AUTOFINANCEMENT
Autofinancement et mobilité du capital
Si on se situe sur le plan de l'économie globale, il n'est pas rare d'entendre critiquer vivement la place tenue par l'autofinancement dans le financement des investissements : on oppose la situation réelle des économies contemporaines à ce qui se passerait si, tous les profits étant distribués, les investissements étaient financés uniquement par appel à l'épargne et au marché des capitaux.
L'une des critiques les plus courantes est que l'autofinancement ferait obstacle à la mobilité du capital, et donc à la meilleure affectation des ressources. Il avantagerait notamment les entreprises en place par rapport à celles qui souhaiteraient se créer, les activités déjà implantées par rapport aux produits et aux activités nouvelles. En bref, il favoriserait le maintien des structures anciennes. Cette argumentation est justifiée par le fait que l'entrepreneur parie plus facilement sur lui-même que sur les autres et donc investit plus généreusement dans sa propre entreprise qu'à l'extérieur. Et ce d'autant que la fiscalité n'est pas favorable à une distribution élevée des profits.
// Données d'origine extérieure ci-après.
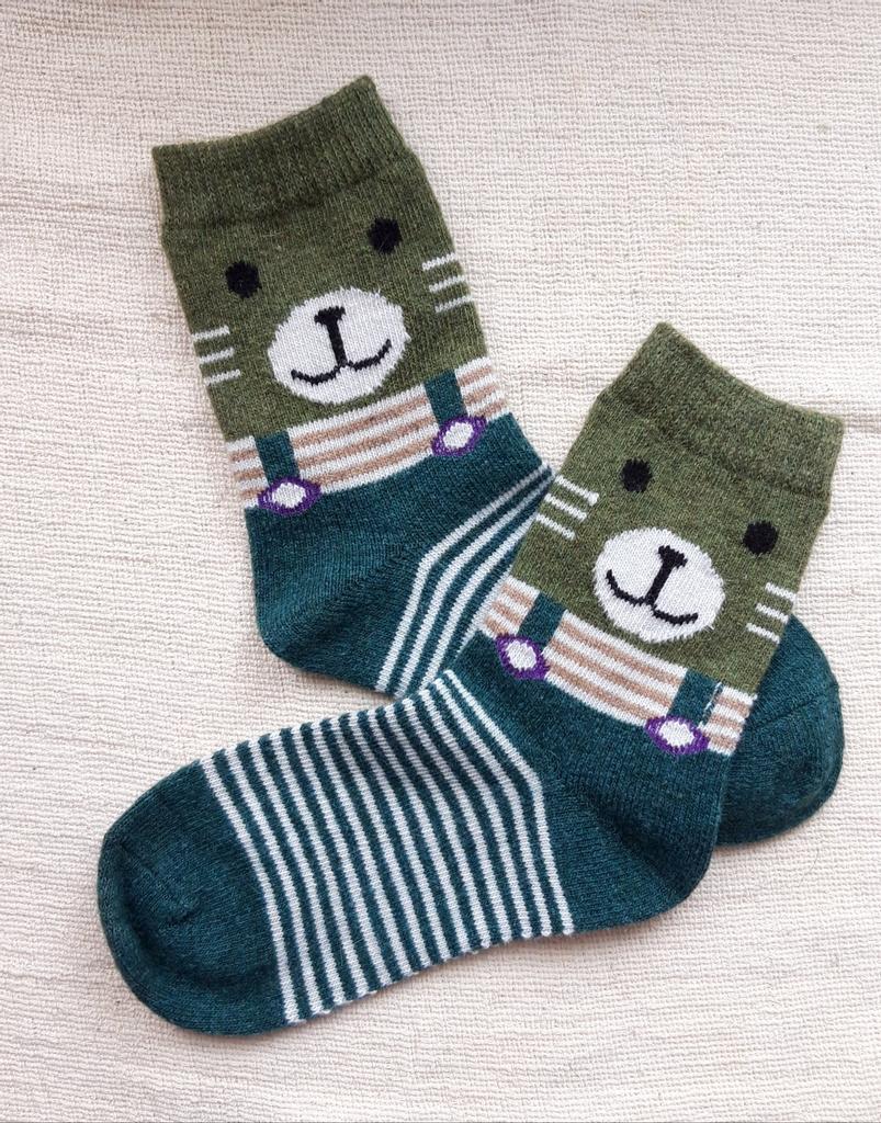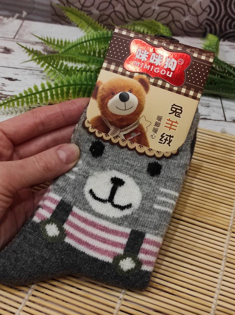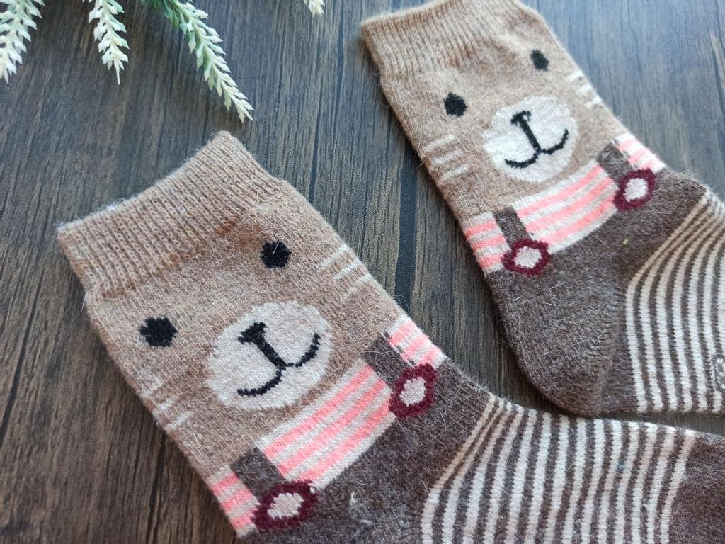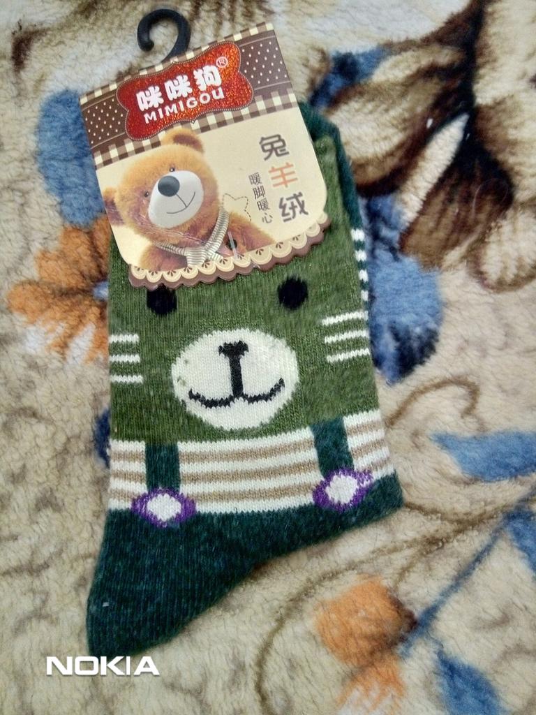 Детские носочки Мне кажется, что это мишка ми-ми-мишка)) в тельняшке 🐻У продавца заявлено на возраст 6-10 лет. У меня мужчины крупные. Одному 5 лет и 32 размер обуви; а другому 2 года и 27 размер ножки. Как видите и тому и другому носочки подошли)) 🐻если верить своим ощущениям и этикетке, то в составе носков присутствует натуральная шерсть. Перевод гласит, что это овечья шерсть и там же значится, что это кашемир. К слову, кашемир это подшёрсток горных коз.... В общем, насчёт коз сомневаюсь, а вот 27% овечьей шерсти -это факт. Так что, на тонкие колготки или бумажные носочки деткам отлично. Старший у меня привередливый он не может носить шерстяные носки, они ему ,,колят ноги,, , а младший может надеть носки-самовязки на босую ножку и отлично себя чувствует при этом. 🐻носочки мягкие. Торчащие нитки, учитывая то, что носки с жаккардовым узором, в пределах допустимого. Трикотаж плотный. Продавцу спасибо большое!

Pour autant, l'autofinancement n'interdit pas l'affectation du capital aux emplois les plus productifs. En effet, les profits réinvestis ne sont pas forcément liés aux activités qui les ont fait naître. Ils financent souvent des productions différentes, soit dans la firme où ils sont apparus, soit dans des entreprises distinctes.
La grande entreprise contemporaine est généralement une firme multiproductrice, dont les activités sont diversifiées, cette diversification constituant une protection contre les fluctuations de la demande et une garantie de croissance. Les productions peuvent porter sur des objets différents ou même relever de branches nettement distinctes. Ainsi, les profits retirés d'une fabrication peuvent servir à en financer une autre suivant les perspectives du marché. Il est fréquent, par exemple, qu'une entreprise dont l'activité principale est en régression s'adjoigne des fabrications nouvelles situées dans les secteurs en expansion. Dans ce cas, les profits réalisés par les produits anciens serviront à financer l'expansion de la nouvelle branche.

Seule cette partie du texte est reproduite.